Single DNA Molecule Proves to be Useful in Developing World's Smallest Diode

For the first time, researchers from the University of Georgia (UGA) and Ben-Gurion University in Israel have illustrated the possibility to develop nanoscale electronic components from single DNA molecules. This latest discovery, featured in Nature Chemistry, marks a major improvement in the quest to find a suitable replacement for the silicon chip.

The University of Georgia's Bingqian Xu, along with his collaborators at Ben-Gurion University in Israel, used a single molecule of DNA to create the world's smallest diode. (Credit: Mike Wooten/University of Georgia)

Bingqian Xu, lead author of the study, highlighted that this discovery may lead to the formation of improved electronic devices, which are extra strong and smaller in size.

For 50 years, we have been able to place more and more computing power onto smaller and smaller chips, but we are now pushing the physical limits of silicon.
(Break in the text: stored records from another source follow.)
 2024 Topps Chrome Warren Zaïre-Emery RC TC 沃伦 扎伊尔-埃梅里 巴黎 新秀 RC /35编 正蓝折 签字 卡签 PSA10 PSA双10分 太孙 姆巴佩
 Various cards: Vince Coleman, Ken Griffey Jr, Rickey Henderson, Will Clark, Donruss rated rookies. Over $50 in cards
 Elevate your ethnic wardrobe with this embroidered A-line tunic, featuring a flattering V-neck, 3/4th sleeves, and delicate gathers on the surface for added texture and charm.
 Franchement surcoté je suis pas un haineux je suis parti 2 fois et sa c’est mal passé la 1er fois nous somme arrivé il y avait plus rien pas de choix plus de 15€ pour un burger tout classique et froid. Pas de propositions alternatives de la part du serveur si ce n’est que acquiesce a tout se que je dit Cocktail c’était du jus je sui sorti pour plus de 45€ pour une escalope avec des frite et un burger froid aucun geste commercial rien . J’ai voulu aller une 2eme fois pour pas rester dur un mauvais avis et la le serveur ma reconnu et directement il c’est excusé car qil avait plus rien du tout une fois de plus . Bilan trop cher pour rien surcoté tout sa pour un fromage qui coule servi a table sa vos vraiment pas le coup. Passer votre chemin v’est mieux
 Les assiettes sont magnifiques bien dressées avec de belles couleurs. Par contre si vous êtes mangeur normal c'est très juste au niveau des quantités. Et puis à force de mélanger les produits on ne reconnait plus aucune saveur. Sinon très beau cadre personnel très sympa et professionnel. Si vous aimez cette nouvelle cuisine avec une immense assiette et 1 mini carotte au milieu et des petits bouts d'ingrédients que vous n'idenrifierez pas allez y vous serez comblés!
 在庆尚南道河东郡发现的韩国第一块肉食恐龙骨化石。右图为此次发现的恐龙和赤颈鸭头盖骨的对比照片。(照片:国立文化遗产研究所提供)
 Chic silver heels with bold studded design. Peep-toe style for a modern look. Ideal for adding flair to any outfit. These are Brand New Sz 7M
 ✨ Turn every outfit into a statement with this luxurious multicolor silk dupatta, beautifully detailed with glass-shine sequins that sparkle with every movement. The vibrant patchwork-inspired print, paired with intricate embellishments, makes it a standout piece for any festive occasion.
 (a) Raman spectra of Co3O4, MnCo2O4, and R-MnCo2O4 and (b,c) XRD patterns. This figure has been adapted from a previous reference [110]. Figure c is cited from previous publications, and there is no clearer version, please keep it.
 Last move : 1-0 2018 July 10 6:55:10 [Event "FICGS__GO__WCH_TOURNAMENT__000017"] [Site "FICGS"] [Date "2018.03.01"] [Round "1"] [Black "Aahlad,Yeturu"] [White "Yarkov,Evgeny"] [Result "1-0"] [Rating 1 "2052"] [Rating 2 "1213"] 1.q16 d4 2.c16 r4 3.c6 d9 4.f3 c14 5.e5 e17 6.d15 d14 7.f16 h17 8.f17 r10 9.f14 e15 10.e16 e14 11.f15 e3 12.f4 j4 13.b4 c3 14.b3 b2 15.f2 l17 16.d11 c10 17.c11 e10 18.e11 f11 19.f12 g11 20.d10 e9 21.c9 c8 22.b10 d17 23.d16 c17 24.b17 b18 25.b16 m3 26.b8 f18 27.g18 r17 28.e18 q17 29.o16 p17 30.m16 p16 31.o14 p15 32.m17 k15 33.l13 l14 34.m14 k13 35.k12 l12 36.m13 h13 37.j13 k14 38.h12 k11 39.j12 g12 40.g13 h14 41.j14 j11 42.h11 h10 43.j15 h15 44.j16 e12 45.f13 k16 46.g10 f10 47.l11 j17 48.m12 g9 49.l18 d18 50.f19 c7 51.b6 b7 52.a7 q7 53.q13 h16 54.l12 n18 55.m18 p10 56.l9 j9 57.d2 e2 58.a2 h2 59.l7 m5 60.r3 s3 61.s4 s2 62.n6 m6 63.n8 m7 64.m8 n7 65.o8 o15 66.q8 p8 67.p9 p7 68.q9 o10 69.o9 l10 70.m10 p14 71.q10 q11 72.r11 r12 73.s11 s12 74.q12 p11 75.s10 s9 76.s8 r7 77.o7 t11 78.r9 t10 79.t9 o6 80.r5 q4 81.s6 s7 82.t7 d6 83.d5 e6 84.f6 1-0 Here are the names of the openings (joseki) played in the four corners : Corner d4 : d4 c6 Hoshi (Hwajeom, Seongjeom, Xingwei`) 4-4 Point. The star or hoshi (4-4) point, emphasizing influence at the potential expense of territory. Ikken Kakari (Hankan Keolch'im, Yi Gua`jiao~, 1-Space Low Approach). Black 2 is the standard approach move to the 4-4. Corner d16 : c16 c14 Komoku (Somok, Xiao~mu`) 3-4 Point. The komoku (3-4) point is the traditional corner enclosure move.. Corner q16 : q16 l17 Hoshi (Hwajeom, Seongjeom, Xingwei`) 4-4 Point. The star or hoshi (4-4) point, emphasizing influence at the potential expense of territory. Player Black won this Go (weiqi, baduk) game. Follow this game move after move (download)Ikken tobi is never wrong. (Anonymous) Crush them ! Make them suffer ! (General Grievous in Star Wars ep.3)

If silicon-based chips become much smaller, their performance will become unstable and unpredictable.

Bingqian Xu, Associate Professor, College of Engineering, UGA

Xu considered DNA to be a perfect solution to this challenge. He pointed out that DNA’s programmability, diversity, and predictability make it a key candidate to design functional electronic devices, utilizing single molecules.

In the paper published in Nature Chemistry, Xu and his team at Ben-Gurion University of the Negev explain how a single DNA molecule can be used to develop the world's smallest diode. Diodes play a significant role in electronic devices by allowing the flow of current in one direction and preventing the flow in another direction.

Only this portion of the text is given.